* _Information supplied_:
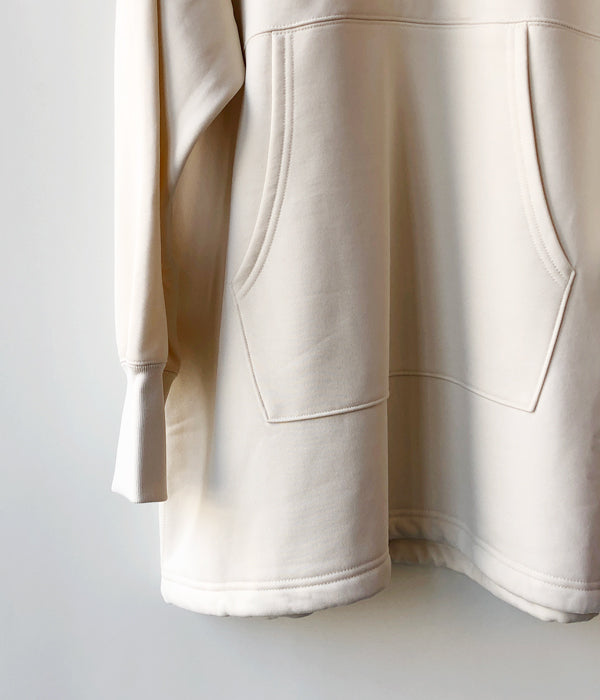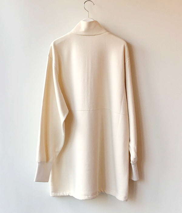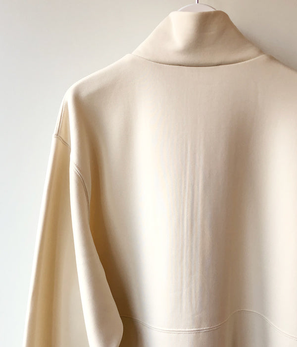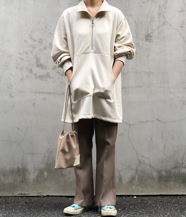 PHEENYからNYLON SWEAT HALF ZIP P/Oが入荷しました。滑らかで光沢のあるオリジナルの裏毛を使用のハイネックプルオーバー。速乾性がありシワになりにくく丈夫な表面と肌に触れる裏面には綿を使い肌触りの良さも兼ね備えています。アウター感覚で着用できるゆったりボリュームのあるシルエットでメンズも着られるサイズ感。裾のスピンドルを絞ることでシルエットの調整も可能です。
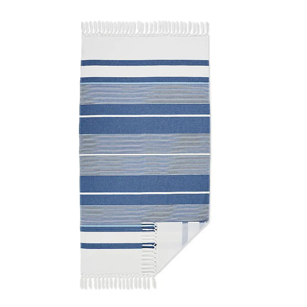 A timeless accessory, the Resort Turkish Beach Towel combines classic nautical stripes and fringed ends with long-staple Turkish cotton. The irresistibly soft and absorbent terry cloth construction on the reverse gets softer with every wash. It's so soft you'll want to use it every day, whether on the beach, by the pool or as a throw when lounging on the couch.100% long-staple Turkish cottonLightweight and quick-drying 350 gsm Machine wash cold, gentle cycle; tumble dry lowQuality tested for colorfastness to sea water, chlorine bleach & 100 hours of UV light Lightweight design makes it easy to pack for the beach, lake or poolMade in TurkeyA Frontgate exclusive.At Frontgate, our primary focus is quality. We guarantee that every product we sell will stand up to the supreme test – our customers' satisfaction. To learn more about our policies, visit our Shipping & Processing, Returns & Exchanges and Warranty & Price Guarantee pages.
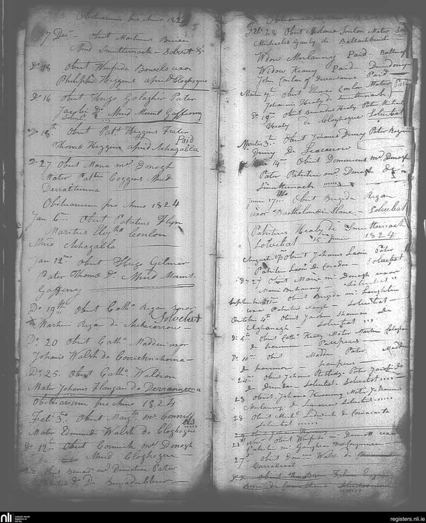 Aughanagh; County of Sligo; Diocese of Elphin. Deaths, Dec. 1823 to Nov. 1824

* _Work to complete_: Leave the pictures out, and print every line of the listing exactly as written.

* _Response_:
 PHEENYからNYLON SWEAT HALF ZIP P/Oが入荷しました。滑らかで光沢のあるオリジナルの裏毛を使用のハイネックプルオーバー。速乾性がありシワになりにくく丈夫な表面と肌に触れる裏面には綿を使い肌触りの良さも兼ね備えています。アウター感覚で着用できるゆったりボリュームのあるシルエットでメンズも着られるサイズ感。裾のスピンドルを絞ることでシルエットの調整も可能です。
 A timeless accessory, the Resort Turkish Beach Towel combines classic nautical stripes and fringed ends with long-staple Turkish cotton. The irresistibly soft and absorbent terry cloth construction on the reverse gets softer with every wash. It's so soft you'll want to use it every day, whether on the beach, by the pool or as a throw when lounging on the couch.100% long-staple Turkish cottonLightweight and quick-drying 350 gsm Machine wash cold, gentle cycle; tumble dry lowQuality tested for colorfastness to sea water, chlorine bleach & 100 hours of UV light Lightweight design makes it easy to pack for the beach, lake or poolMade in TurkeyA Frontgate exclusive.At Frontgate, our primary focus is quality. We guarantee that every product we sell will stand up to the supreme test – our customers' satisfaction. To learn more about our policies, visit our Shipping & Processing, Returns & Exchanges and Warranty & Price Guarantee pages.
 Aughanagh; County of Sligo; Diocese of Elphin. Deaths, Dec. 1823 to Nov. 1824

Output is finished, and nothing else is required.